En dépit d'efforts importants visant à améliorer la survie après un arrêt cardiaque extra-hospitalier, la mortalité reste élevée (tableau 1). Les taux de survie aux Etats-Unis approchent le plus souvent 3%, ceci autant dans les zones rurales que dans les centres urbains comme New York ou Chicago.19,56,57 Cependant, des résultats prometteurs ont été obtenus dans certains centres américains, notamment à Seattle, où 30 à 35% des victimes d'ACR extra-hospitalier quittent l'hôpital sans déficit neurologique.57 En Europe, les résultats se situent également en dessous de 10% : 5% en Suède, 6% en France, 8% en Belgique, 9% en Hollande.32,33,38,58 En Suisse, des études effectuées dans les années 80 font état d'une survie de 12% à Zurich et 17% à Genève.59,60 Cependant, ces observations ont été effectuées sur des petits groupes de patients et n'ont pas été collectées selon les directives d'Utstein. Des données plus récentes évalueraient la survie entre 9% et 13%.34,61,62
Que deviennent les patients réanimés à long terme ? Une étude a montré que la mortalité était de 56% à cinq ans et de 82% à dix ans.
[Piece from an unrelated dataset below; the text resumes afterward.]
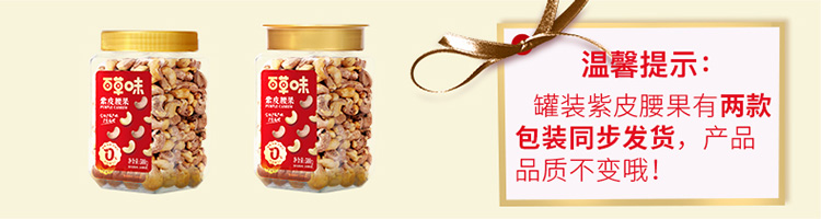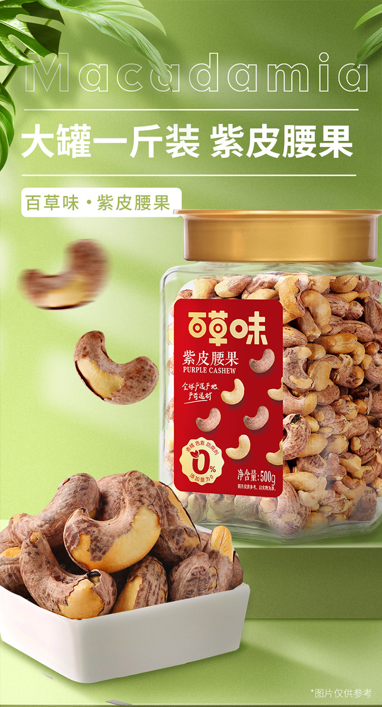 • 商品名称:百草味-罐装紫皮腰果仁500g 盐焗味坚果孕妇零食越南大颗粒年货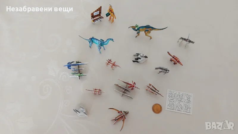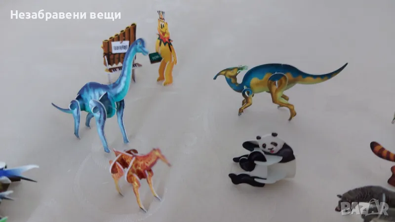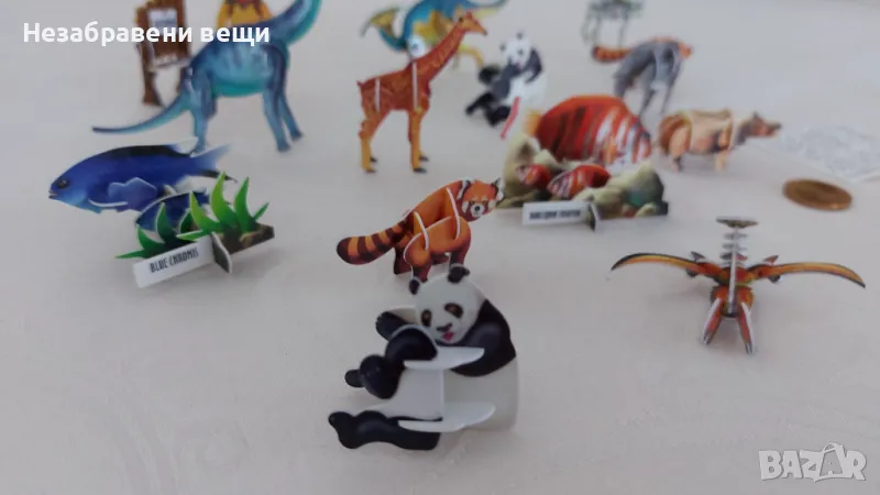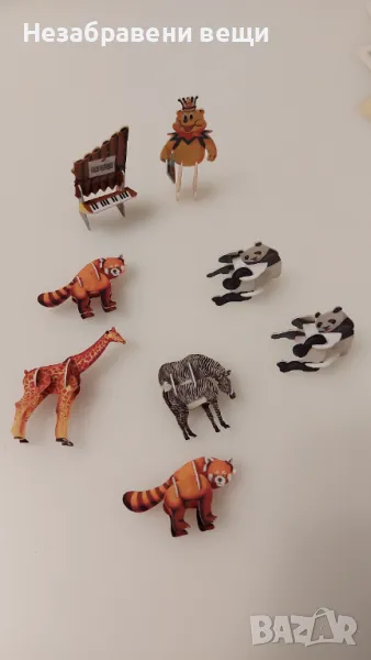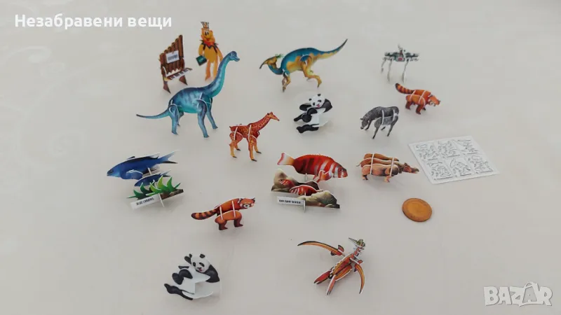 15 миниатюрни сглобяеми фигурки на животни от 90-те години. Двете мечета, едното е още в опаковката си, както и горското пиано, са от Pom-Bar (Pom-Bear), пак от 90-те, а другите са от шоколадови яйца. Изработени са от гланциран картон или тънка пластмаса. Нарочно са снимани до монета от две стотинки, за да се види големината им. Всички са изключително запазени, само на рачето отдолу частично му е наранено покритието, показано е на последната снимка, но отгоре почти не си личи. А на роботчето му липсва едната ръка, затова е подарък.

Toutefois, malgré une morbidité et une mortalité non négligeables, la majorité des survivants jugent leur qualité de vie après la réanimation comme excellente.61,63
En conclusion, les progrès techniques de ces dernières années ont motivé une distribution plus large des défibrillateurs automatiques externes et une extension de leurs utilisateurs potentiels, entraînant une augmentation des chances de survie et une amélioration des taux de survie après un ACR. Plus généralement, la coordination des différents maillons de chaîne de survie contribue de façon significative à l'amélioration des résultats et au succès de la réanimation. Les études en cours devraient permettre d'évaluer la situation et d'élaborer des nouvelles stratégies. En Suisse, et en Europe, notamment en Allemagne, en Suède, en France et aux Pays-Bas, les sociétés de médecine d'urgence ont pris conscience de ces différents éléments et s'emploient à optimiser les services d'urgences préhospitaliers et à organiser des programmes de défibrillation précoce pour le grand public.